The purchase of an enterprise also means many potential risks in the legal and tax area. Such risks are not necessarily visible at first sight. 

 

You wonder whether upon taking over the enterprise an audit by tax authorities may result in payment of taxes you had no knowledge about whatsoever. You wonder whether the purchased business might have had a record of notorious violation of labour law, copyright, environmental regulations – which could result in costly proceedings, penalties and recompensation. Finally, you wonder if the business analyses conducted on basis of delivered financial data are accurate – in case you are not entirely sure whether the presented information actually reflects the real state of the purchased company.

In other words, you want to be sure as to what you are buying, what is the purchased company's actual financial state, which business lines/products/unit are profitable and which require changes, what are the tax risks and what are the legal risks in view of the purchased enterprise joining your business structures.
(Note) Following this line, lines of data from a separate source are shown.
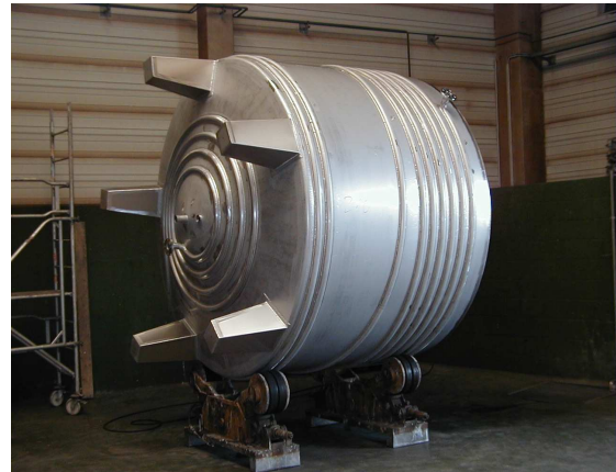
addition: halfcoils and lateral agitator flange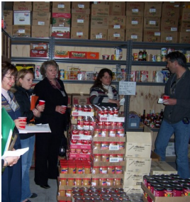
Panel members listen to a presentation at the Community Food Bank site visit.

Just like the Dynamic Duo, United Way partners each year with 60-70 volunteers from across the community for fund allocation. This 'citizen review process' evaluates the effectiveness and efficiency of health and human service programs applying for United Way grants and ultimately makes funding recommendations to the United Way Board of Directors.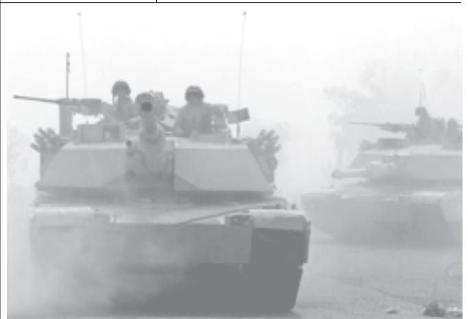
US forces withdraw to the edges of Fallujah at the end of April 2004. — INTERNET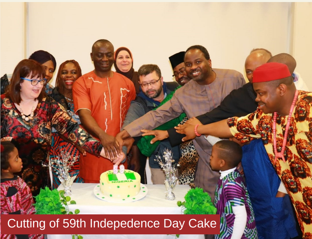
Cutting of 59th Independence Day Cake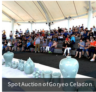
Spot Auction of Goryeo Celadon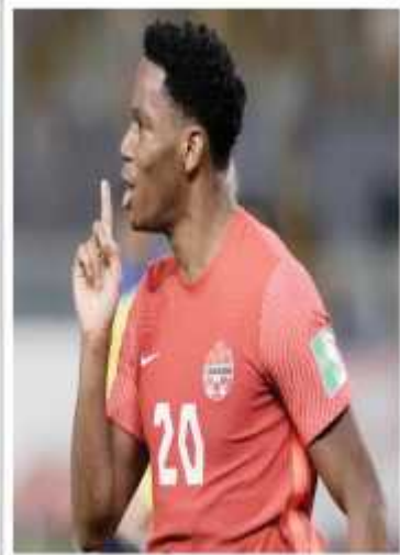
Canada's Jonathan David celebrates his goal against El Salvador on Wednesday. Unbeaten Canada are within touching distance of their first World Cup appearance since 1985.

Elsewhere Wednesday, Costa Rica kept their qualifying hopes alive with a 1-0 away win over Jamaica in Kingston. The victory leaves Costa Rica in fifth with 16 points, just behind Panama (17 points) following their defeat to Mexico.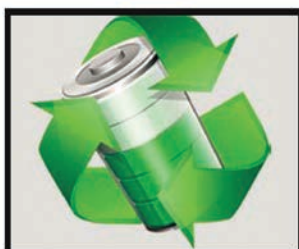
Lithium Batteries (OPTIONAL)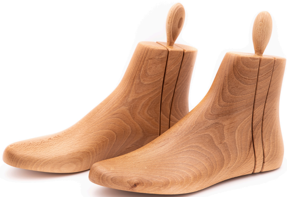
Tendiscarpe in tre pezzi a gambaleto (per stivaletti) Shoe trees in three parts (for boots)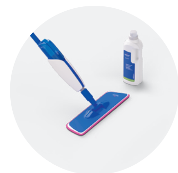
Cleaning kit QSSPRAYKIT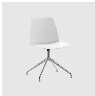
Unnia 4-Way Swivel MEETING CHAIR INCLASS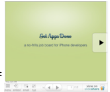
Get Apps Done , presented at Refresh Miami (slides).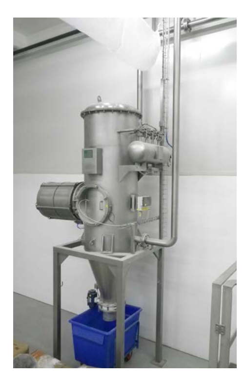
ATEX Bag filter in stainless steel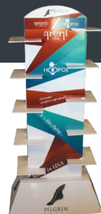
Slatwall with 20 shoes on each floor display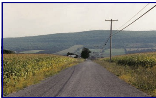
Mill Lane going toward main road.

Prayer, Proclamation and Hospitality are the three principal activities of Bethany Ministries.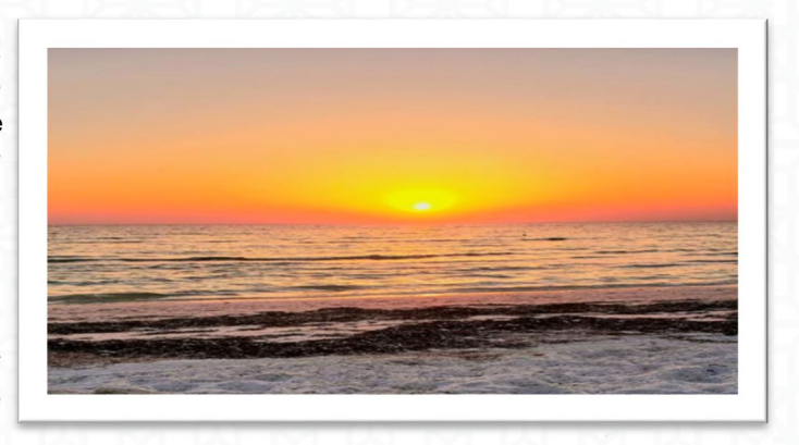
Sunset on the beach

The Foundation Program Students' Affairs Office held the moment to pause from life's distractions. In his words, "the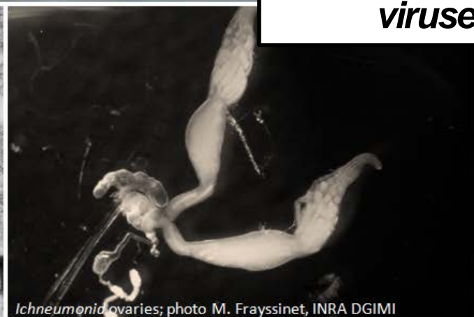
Ichneumonid ovaries

+ workshop for HBO, MSc, and PhD students Are Ichnoviruses real viruses?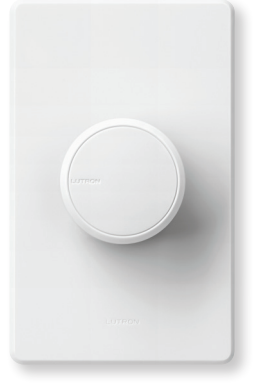
Dalia LED+ dimmer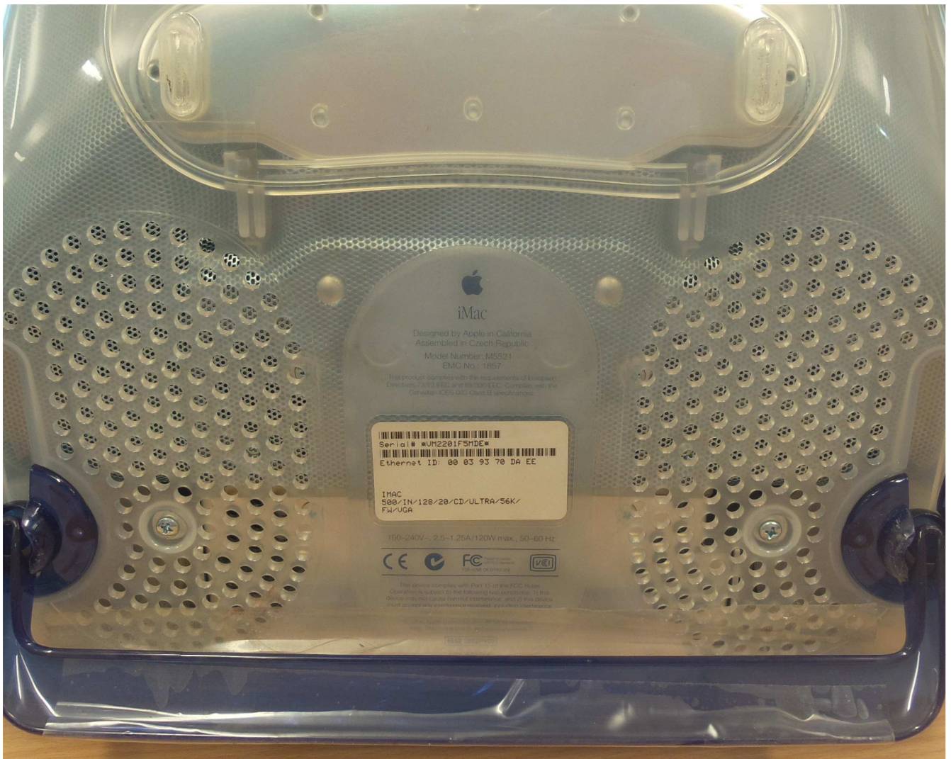
Figure 7: Apple Macintosh iMac bottom view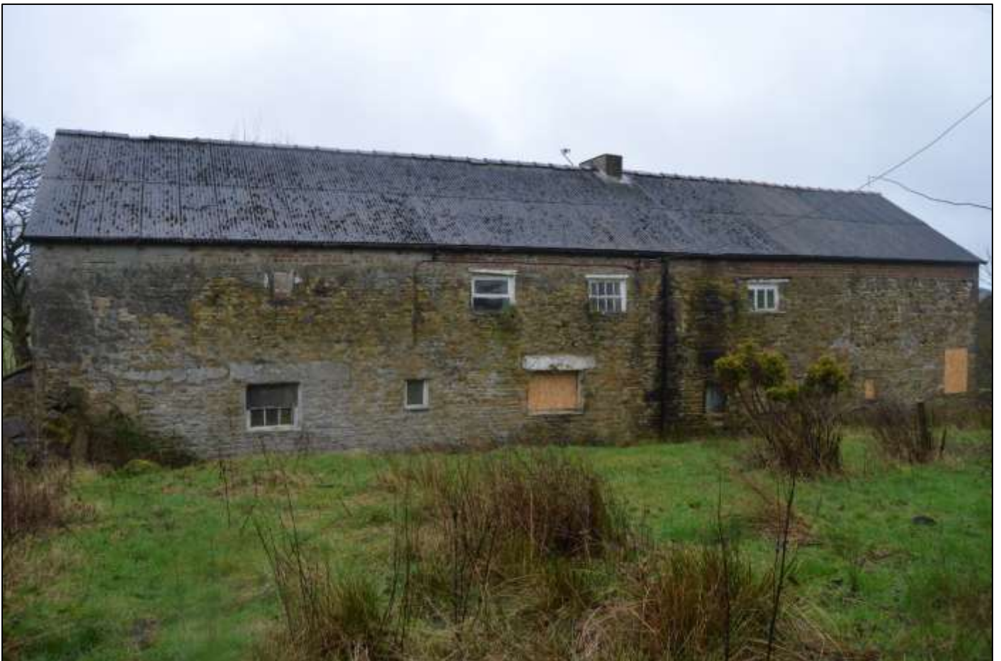
PL12: View of Lower Reaps Farmhouse from the North.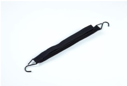
Figure 5 - Black Strap

A black strap is provided with all ramps and we recommend using this when the ramp is stored. To use simply roll the ramp up and place this around the ramp. Clip the black strap around the ramp to hold it shut.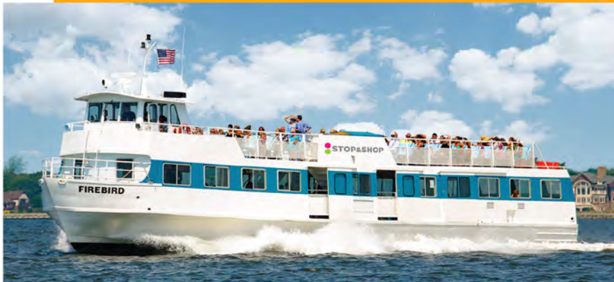
(Port and Starboard Ads)

Captivate our ferry passengers with this prime advertising location. There are currently 4 ferries available for billboard advertisements as pictured.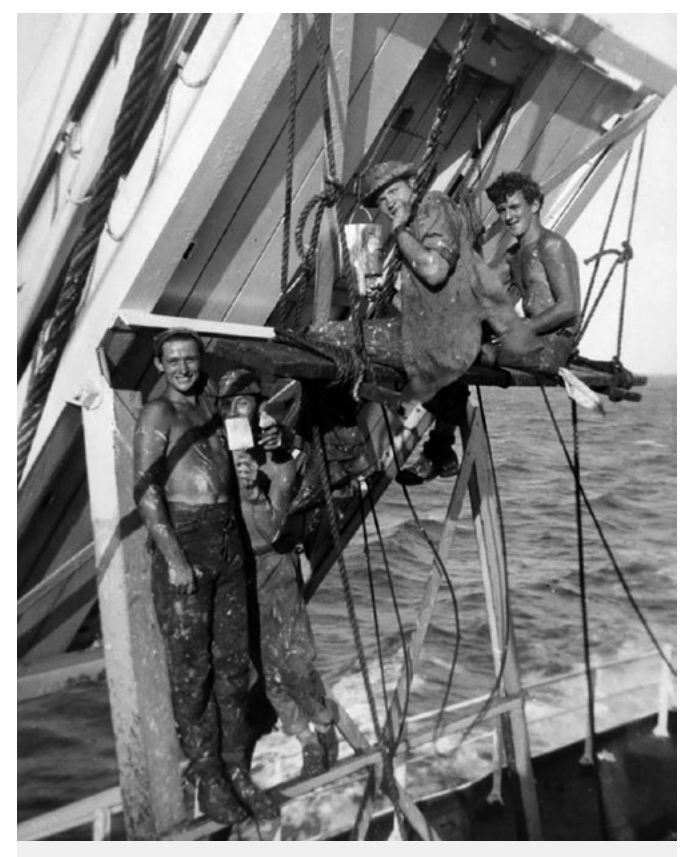
Four young seamen painting a life raft of the SS Temegami while it sails the Indian Ocean

Veterans Affairs Canada also keeps some information on those that served with the Merchant Navy. The information may include a sailor's name, birthplace, age, rank or occupation, next of kin, and a summary of correspondence. Some records also have the individual's Application for Merchant Seaman's Identity Certificate , which includes a photograph and fingerprints. As service information is subject to privacy legislation, an Access To Information and Privacy (ATIP) request must be sent to Veterans Affairs Canada > Other Inquiries > ATIP.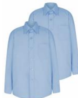
Blue long sleeved, full buttoned shirts

No buckles, belts, jersey material, skinny fit or tight fitting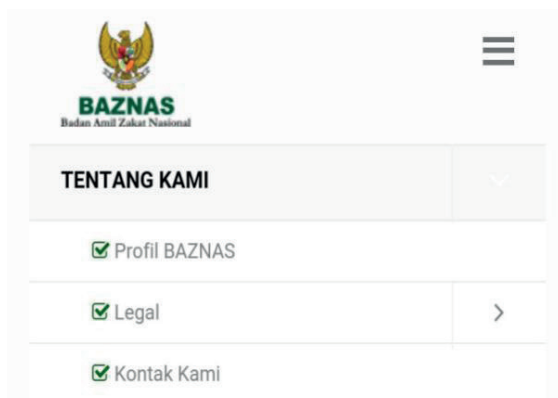
Figure 1: Baznas Profile

Figure 1 is the institution profile. In the institution profile, Baznas presents information about Baznas Profile, legal, contact us.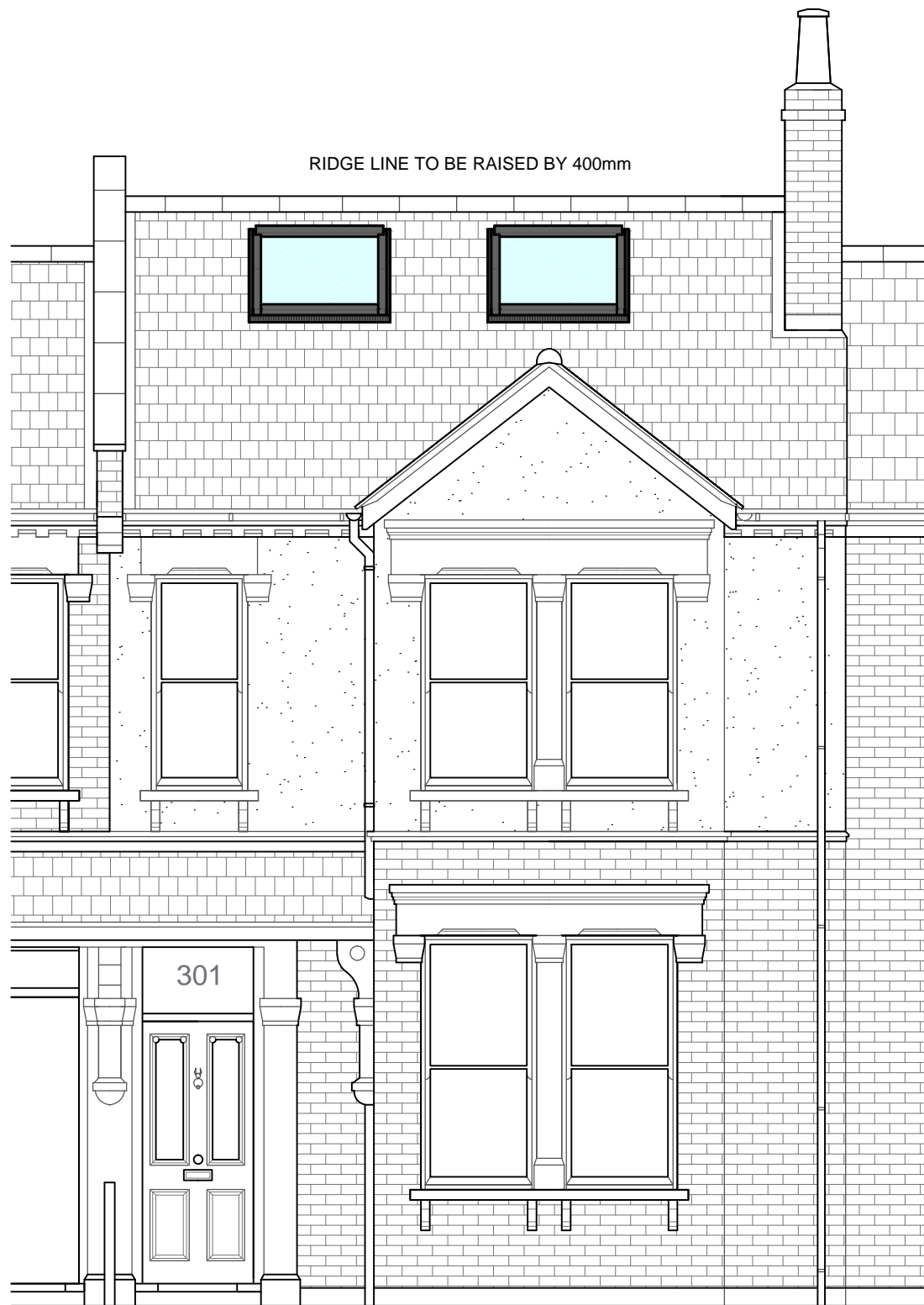
E PROPOSED FRONT ELEVATION 05 SCALE 1/50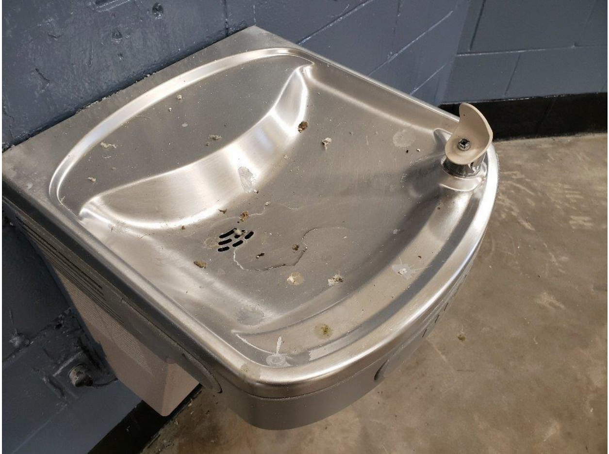
Water fountain stopping up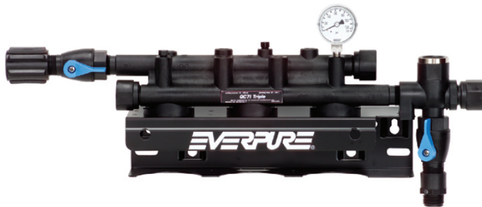
QC71 Triple Parallel Head: EV9272-23

Engineered for durability, strength and longevity. Will not corrode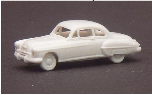
1950 Oldsmobile 88 coupe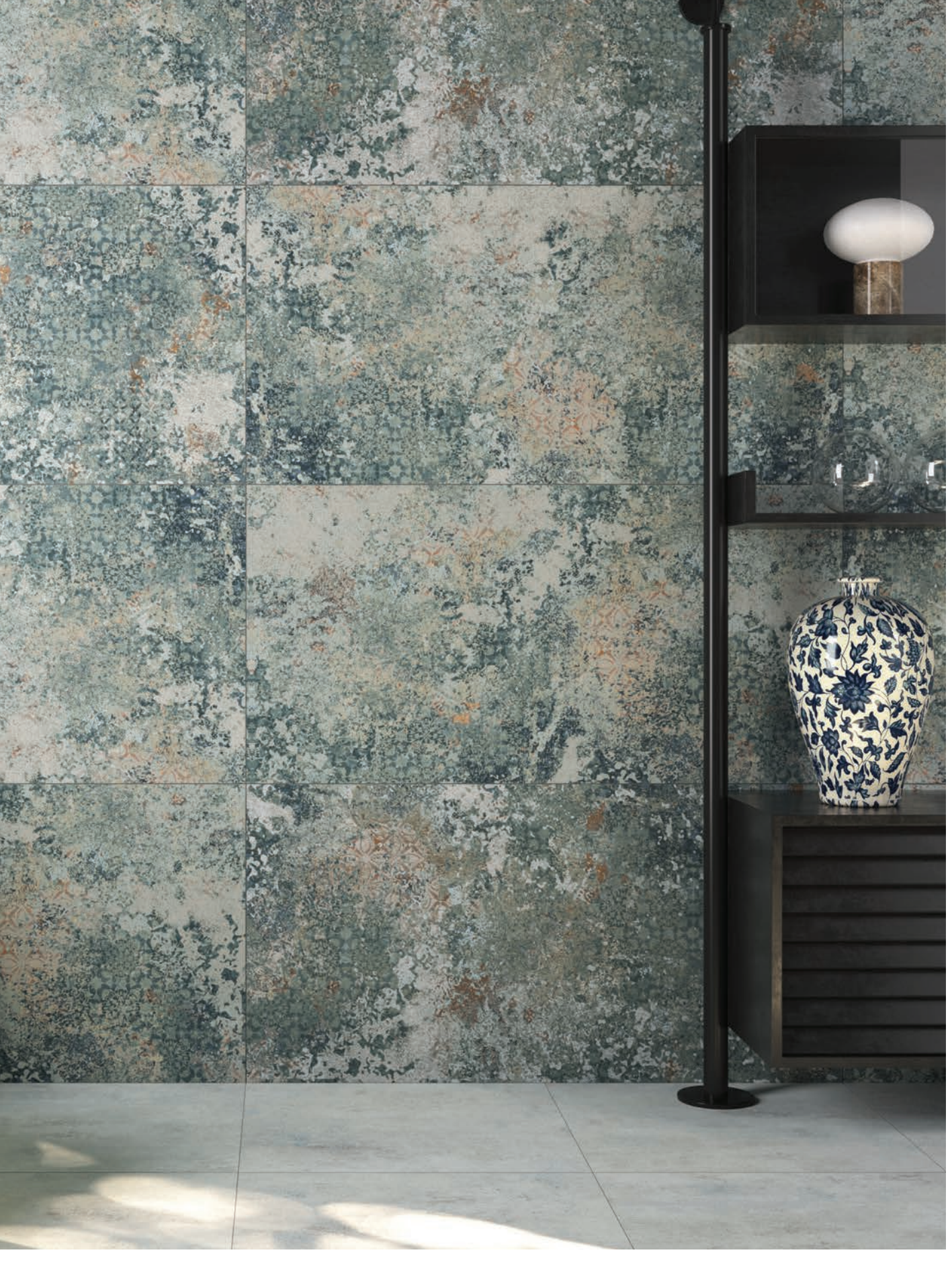
24"x24" Field Tile in Este 24"x48" Deco in Regio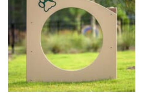
Jump Through Model: RECF0014XX Weight: 147 lbs. $720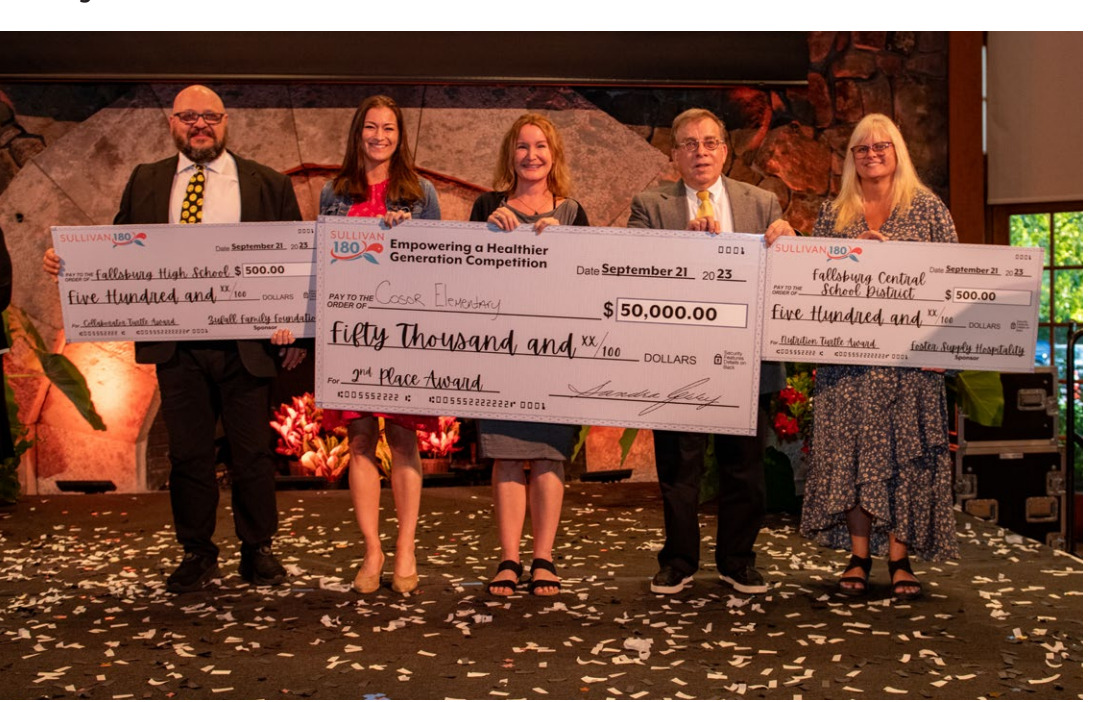
Fallsburg's Benjamin Cosor Elementary School, winners of the 2nd Place Competition award in the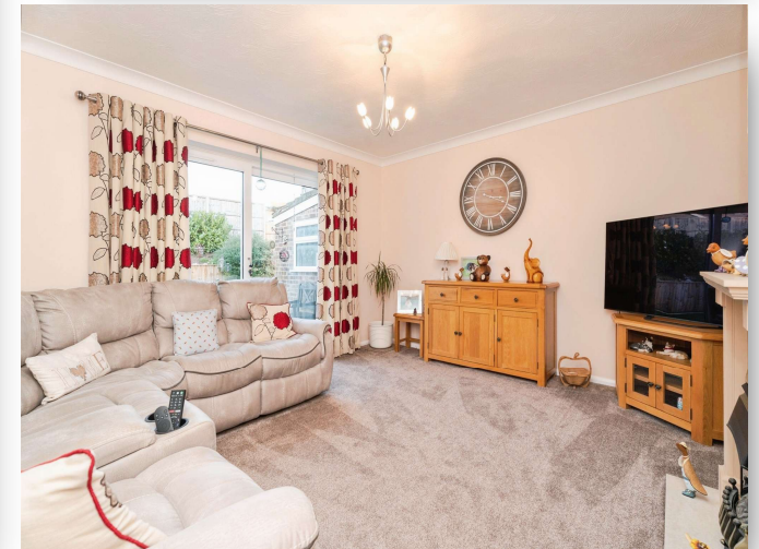
6 Copper Beech Close, Fakenham, NR21 8JZ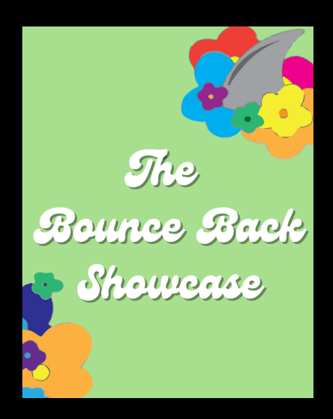
April 7th at 7:30PM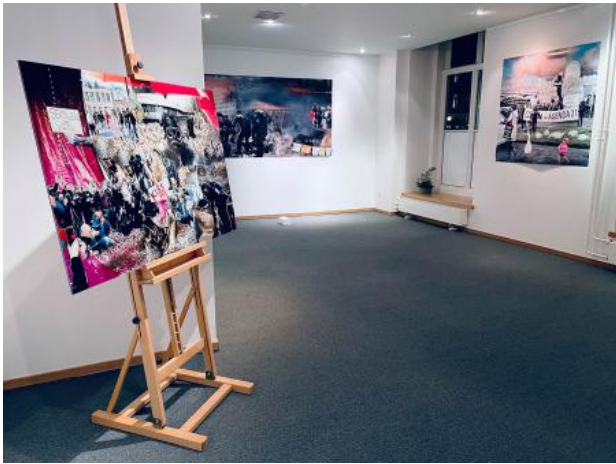
Reality seems well defined, 2021 Diasec, 120 x 80 cm

All this can be answered by performing a due diligence analysis, which allows for either comprehensive or specific verification of the business entity you are interested in. Due diligence may cover areas of finance, law, taxes, environmental protection, HR, technology, IT etc. Usually the minimum scope covers financial, tax and legal aspects. Due diligence is a great analysis tool in company valuation and an important argument in negotiations. Knowledge on threats and risks, but also opportunities and the potential of the company you are looking to purchase, allows you to make an informed decision, set negotiations in the right direction, start preparing organisational changes beforehand, secure yourself against various risks and make full use of opportunities.

Meet our due diligence leaders

Corporate Advisory Partner

Our Transaction Advisory Services Team is at your disposal:

  • We perform due diligence in the finance, tax and legal field;
  • In cooperation with external specialists we perform due diligence in IT, HR, environmental protection and technology;
  • We provide company valuation;
  • We optimise tax-wise transactions of company acquisition;
  • We assist you in the negotiation process;
  • We prepare the transaction's legal documentation;
  • We perform vendor due diligence;
  • If the acquired company is operating also abroad (or only abroad), we cooperate with RSM firms located in the relevant country, coordinate the work of teams in various locations and remain your primary contact in the process.

 

Frequently asked questions: What should I know about due diligence?

 

What is due diligence?

To put this issue as simply as possible, due diligence is the process of examining a specific entity (or company or assets) with regard to a planned transaction.”.

Is due diligence mandatory?

No – conducting due diligence is not necessary to conclude the final agreement. However, in the current market conditions, it practically does not happen that the transaction of acquiring an external entity (i.e. not belonging to the same capital group) is not preceded by getting acquainted with the condition of the subject of the transaction (company, enterprise, specific assets). This is what due diligence is for.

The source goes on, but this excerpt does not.